Chrissie Hynde pode dizer tranquilamente que, no novo álbum, ela entregou para os fãs o Pretenders de todos os tempos. O grupo vinha se tornando uma banda mais próxima do rock de garagem em seus discos mais recentes. Hate for sale, o excelente álbum de 2020, era quase punk em vários momentos; Alone, o anterior (2016), unia canções mais pesadas com momentos herdados do country e do rock dos anos 1950.
E tá aí Relentless, que (vá lá) traz partículas da fase anos 1990 da banda, de discos um tanto quanto melancólicos como The last of the independents (1994), mas que traz duas músicas que lembram bastante o grupo na época do primeiro álbum: A love e Let the sun come in – essa última parece a continuação de uma das melhores faixas do debute da banda, Up the neck. Dos discos mais recentes dos Pretenders, é o mais associável a fases anteriores da banda – tanto em composição quanto em produção – mas fica bem atrás de Hate for sale em termos de brilho e agilidade.
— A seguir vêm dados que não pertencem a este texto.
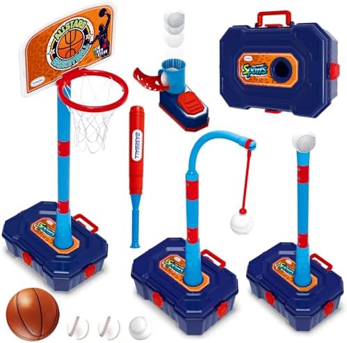 Portable and Effortless Assembly: Designed with convenience in mind, the basketball hoop’s base doubles as a storage box for accessories. The lightweight, handheld design makes it easy for kids to carry outdoors. This 4 in 1 Basketball Hoop and Tball set comes with all necessary assembly accessories, allowing kids to set up and start playing in no time, without the need for extra tools.

É um disco bem mais sombrio, perfeito para quem curte o lado mais nostálgico e contemplativo dos Pretenders, marcado pelo tom barítono das guitarras, com baladas soturnas como The copa e Promise of love, ou na abertura com o rock melancólico e ruidoso Losing my sense of taste.
Relentless é também o disco de surpresas como a já citada Let the sun come in, as sombrias Merry widow e Domestic silence e a última faixa, a emocionante I think about you daily. Em Merry, Chrissie encarna uma mistura exata de Nico e Roy Orbison para cantar sobre armadilhas do amor romântico (“Ele era muito bonito e forte/mas ele me tratou mal/ele me tratou mal/ele pensou o amor era competitivo, como o esporte/ele não era meu tipo/então eu o deixei no porto”, diz a letra).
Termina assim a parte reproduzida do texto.